Hello,
There was a question in geometry which was marked as a simple question as follows(Diagram below):-
The diagonal AC of a quadrilateral $CDAB$ bisects the $\angle DCB$. It is given that $BC=BD$. $\angle CAB = 80$, $\angle DBC = 20$, then the measure of $\angle ADC$ in degree is......
Lets take the point of intersection of the two diagonals as O. Now since $\triangle DCB$ is isosceles, $\angle D$ (Of the triangle) + $\angle C + 20 = 180$. Simplifying, we get $\angle CDA = 80$, and thus $\angle ACD$ and $\angle ACB = 40.$ Now solving for $ \triangle ACB$ (Taking the whole of $\angle C$ as $20+x$) we get $x = 40$. Now $\angle O$ in $\triangle AOC = 120$ and using vertically opposite angles formula, i got the value of $\angle AOB$ and $DOC = 60$. Now i'm stuck here.
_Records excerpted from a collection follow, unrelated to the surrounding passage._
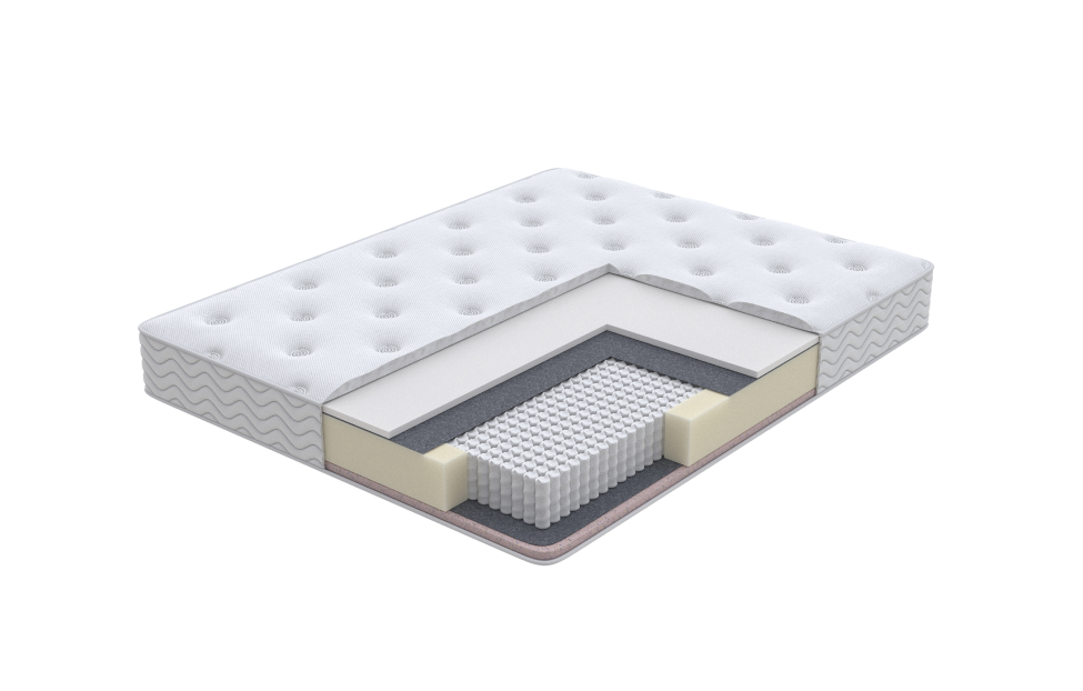Матрас двусторонний, с разной жесткостью: ниже средней/средняя. Позволяет выбирать наиболее комфортные условия для отдыха в зависимости от настроения и самочувствия. В основе матраса – интеллектуальный блок независимых пружин 1000 пружин на спальное место. В сочетании с наполнителями Неолатекс и Эко ППУ он делает спальное место невероятно комфортным и обеспечивает необходимую поддержку каждому участку тела спящего. Чехол матраса выполнен из трикотажной ткани, простеганный на дополнительном слое Ортофом.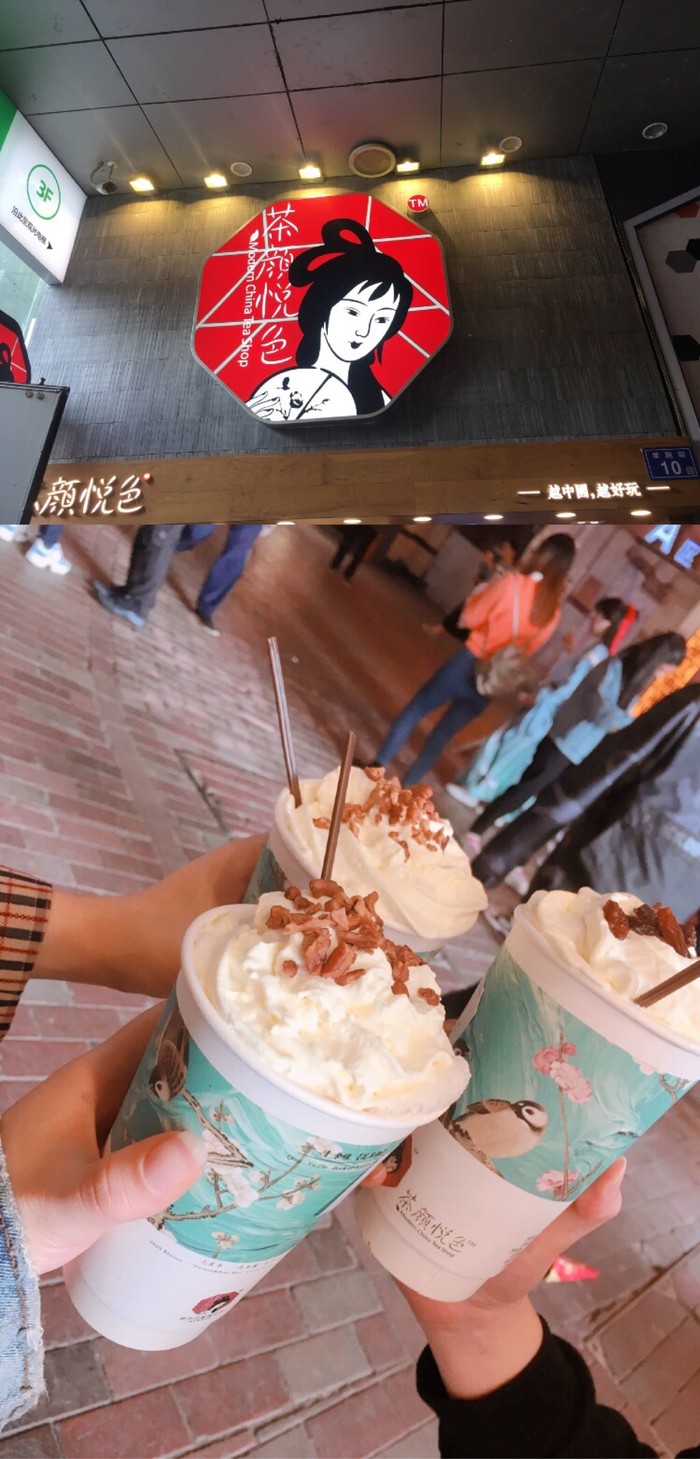 我跟同事喝了幽兰拿铁,果然好喝,闺蜜那个是蔓越莓啥的,不记得了,都是全糖,加冰,我跟闺蜜都觉得好喝!!!!不腻,淡淡的茶香配着淡奶油,好喝!!!!幽兰拿铁上边是碧根果!
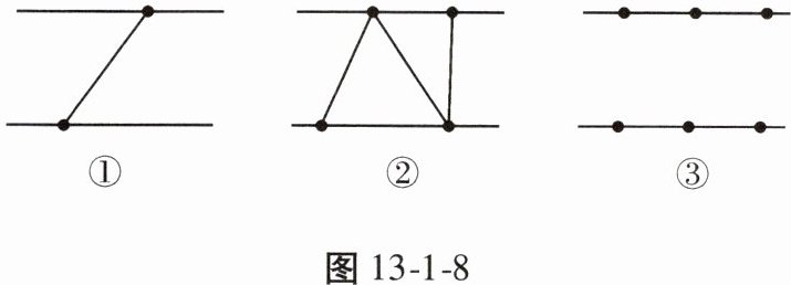 图 13 - 1 - 8②展示了当 $ n = 2 $ 时的一种情况,此时图中三角形的个数为 $ 2 $。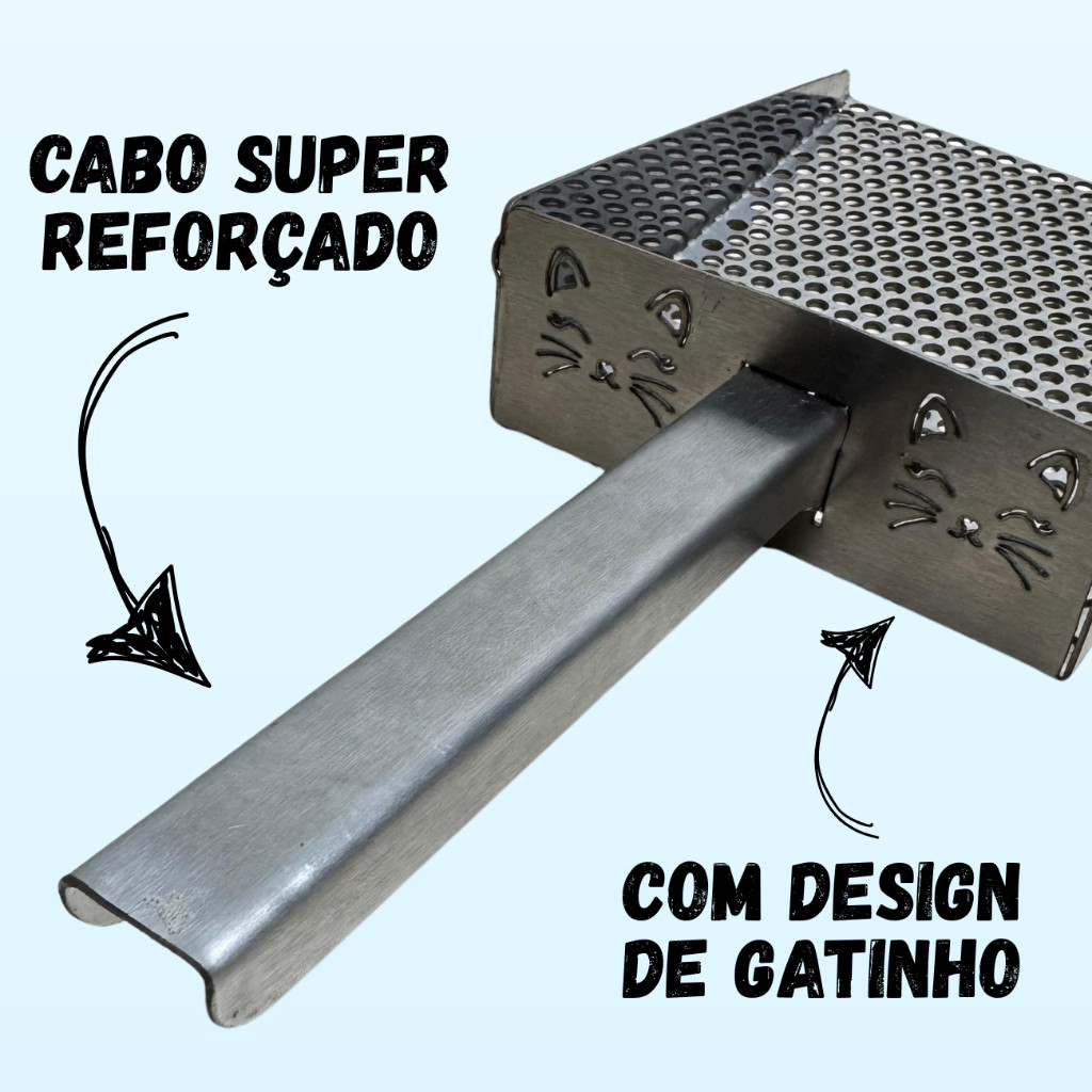 Pá Higiênica Peneira Coletora de Areia para Gatos em Aço Inox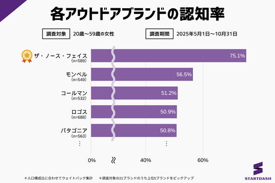 認知率が最も高かったのは『ザ・ノース・フェイス(The North Face)』で75.1%で、約4人に3人が同ブランドを知っているという結果です。2位は『モンベル(mont-bell)』で56.5%、3位は『コールマン(Coleman)』で51.2%、4位は『ロゴス(LOGOS)』で50.9%、5位は『パタゴニア(Patagonia)』で50.8%と続きました。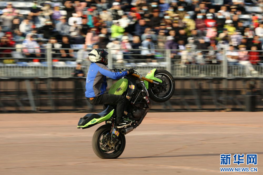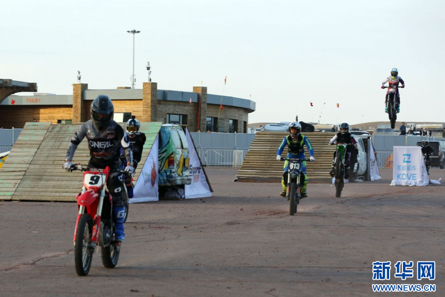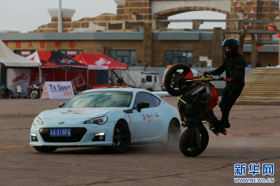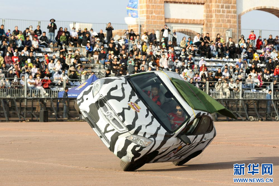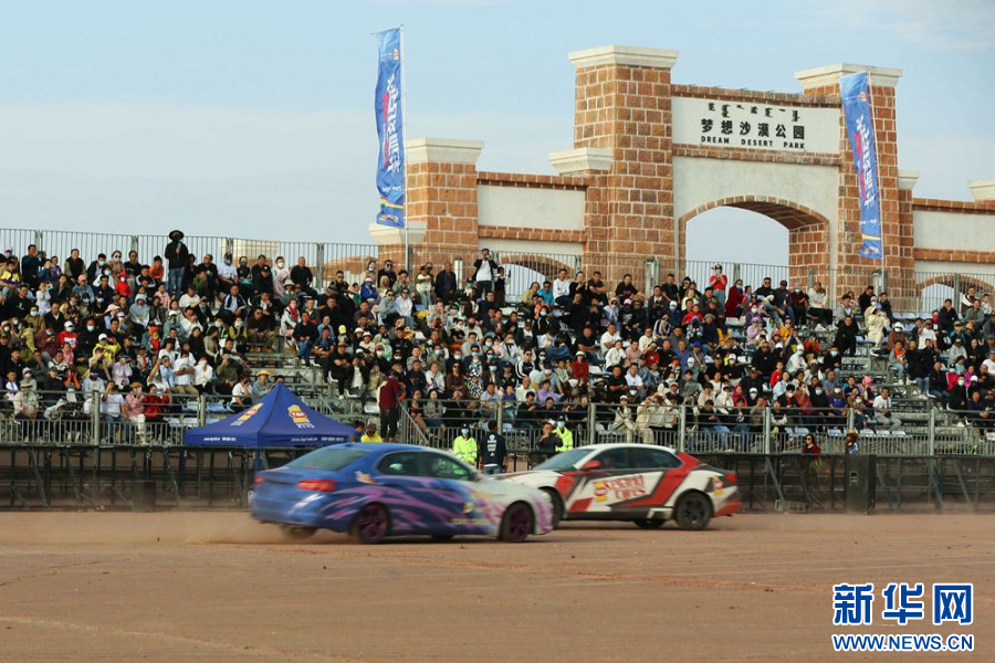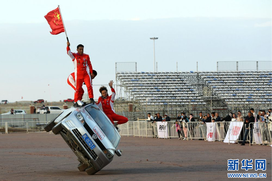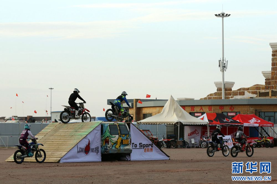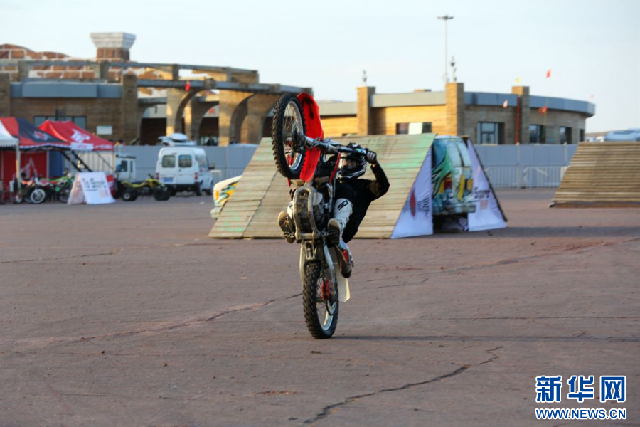 10月1日,在位于内蒙古阿拉善左旗境内的梦想沙漠公园内进行的“汽摩”特技表演现场。新华网 石毅 摄
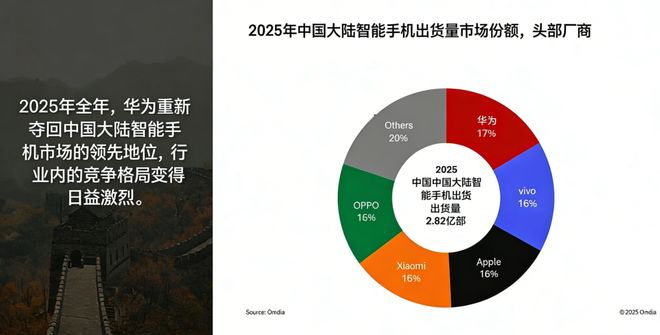 根据 IDC 和 Omdia 的数据,2025 年中国智能手机市场出货量大约在 2.82 亿台左右,相比 2024 年微跌了一些。虽然大盘没涨,但座次全变了。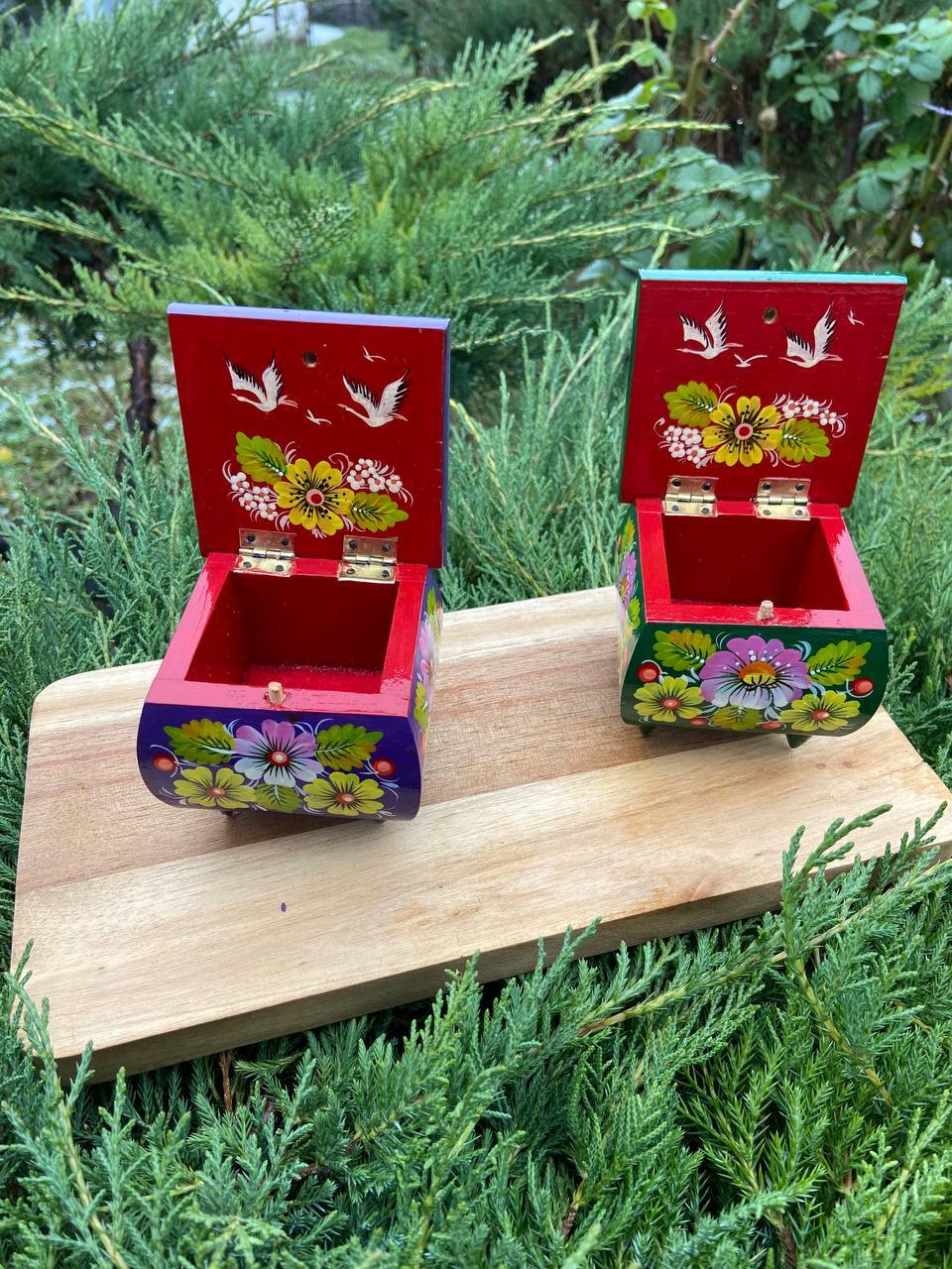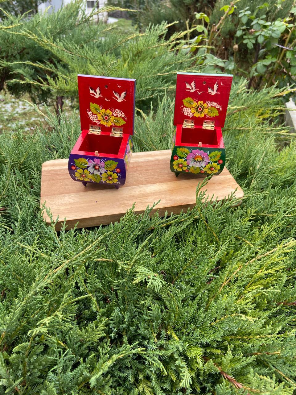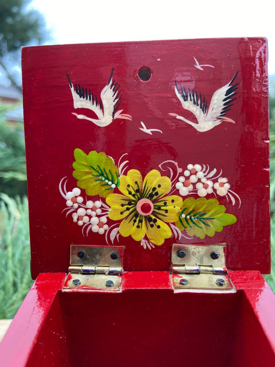 この美しいジュエリーボックスは、ペトリキフカ村のシナノキゾクの樹木から一から手作業で切り彫られ、細部にわたって丁寧に仕上げられています。シナノキの木材は、ウクライナでは御守りとしての意味を持ち、幸運と安全をもたらすと信じられています。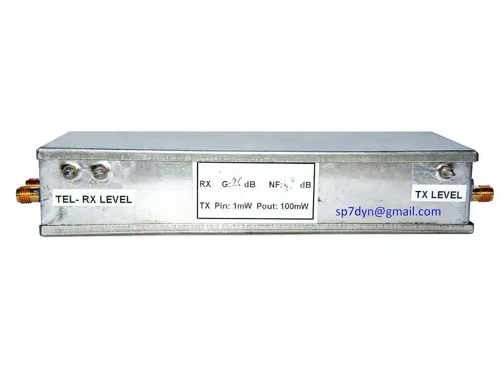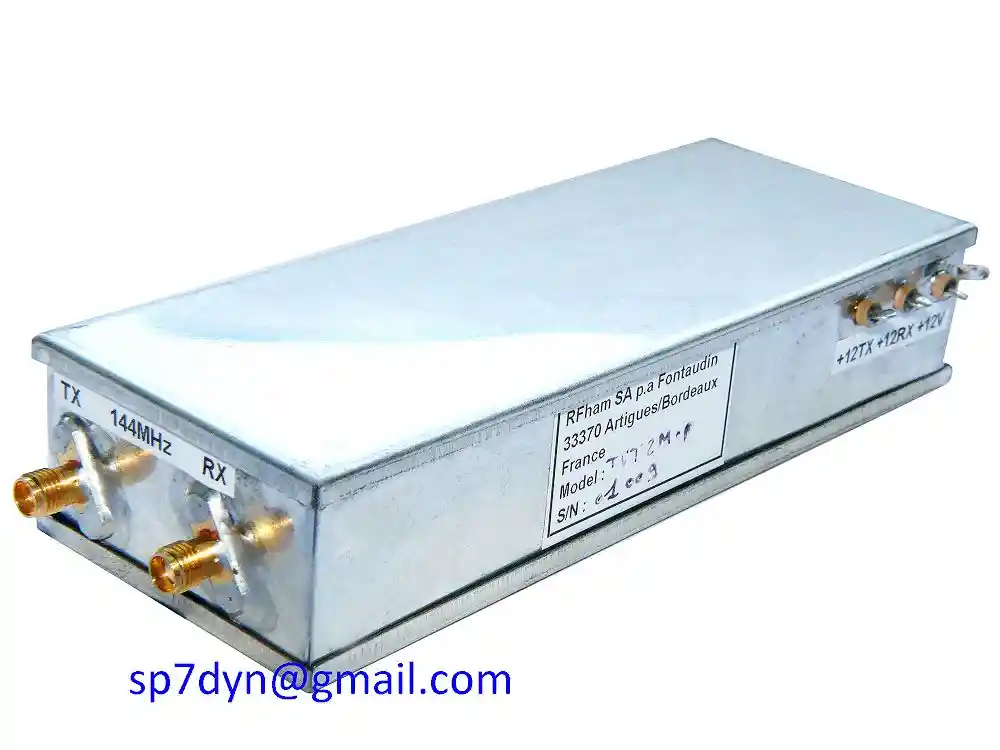 Specifications: Brand ---------- F5FLN, F4ARY, F4ARU RFHam SA p.a Fontaudin 33370 Artigues/Bordeaux Model ---------- TVT 2M - 1 Frequency ------ 144MHz to 28MHz RX Gain -------- 20dB NF ------------- 1.2dB TX IN ---------- 1mW P OUT ---------- 100mW Power Supply --- 12VDC S/N ------------ 1009 - Price is for 1 piece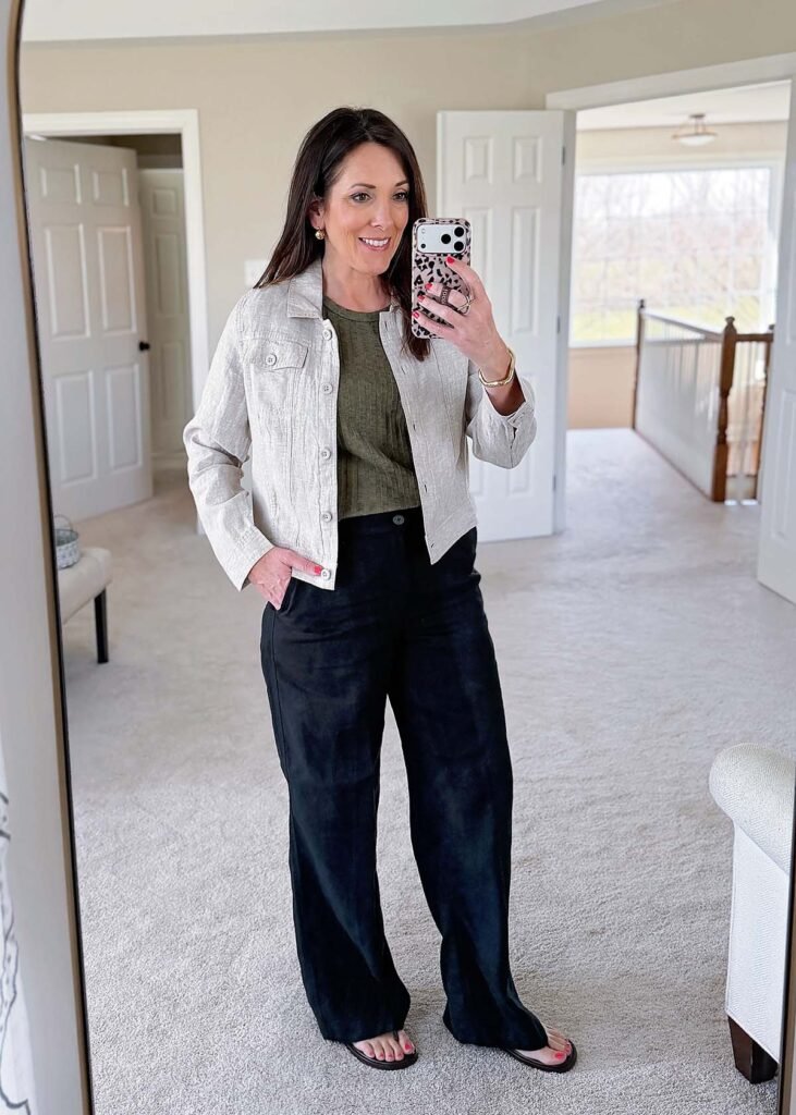 Combining these pieces makes it easy to create outfits that feel fresh and practical for the season. A lightweight jacket layered over a simple tee and paired with linen pants creates an effortless look suitable for errands, casual workdays, or weekend outings.

From my diagram i can see that $\angle CAB$ and $\angle BDC$ are equal to each other And $\angle ABD$ and $\angle DCA$ are equal to each other. I thought of assuming $\angle BDA = \angle ACB$ but i have no formal proof for that.
ANY HELP IS APPRECIATED
As $\angle CDB=\angle CAB$, quadrilateral $ABCD$ is cyclic. It follows that $\angle ADB=\angle ACB=40°$.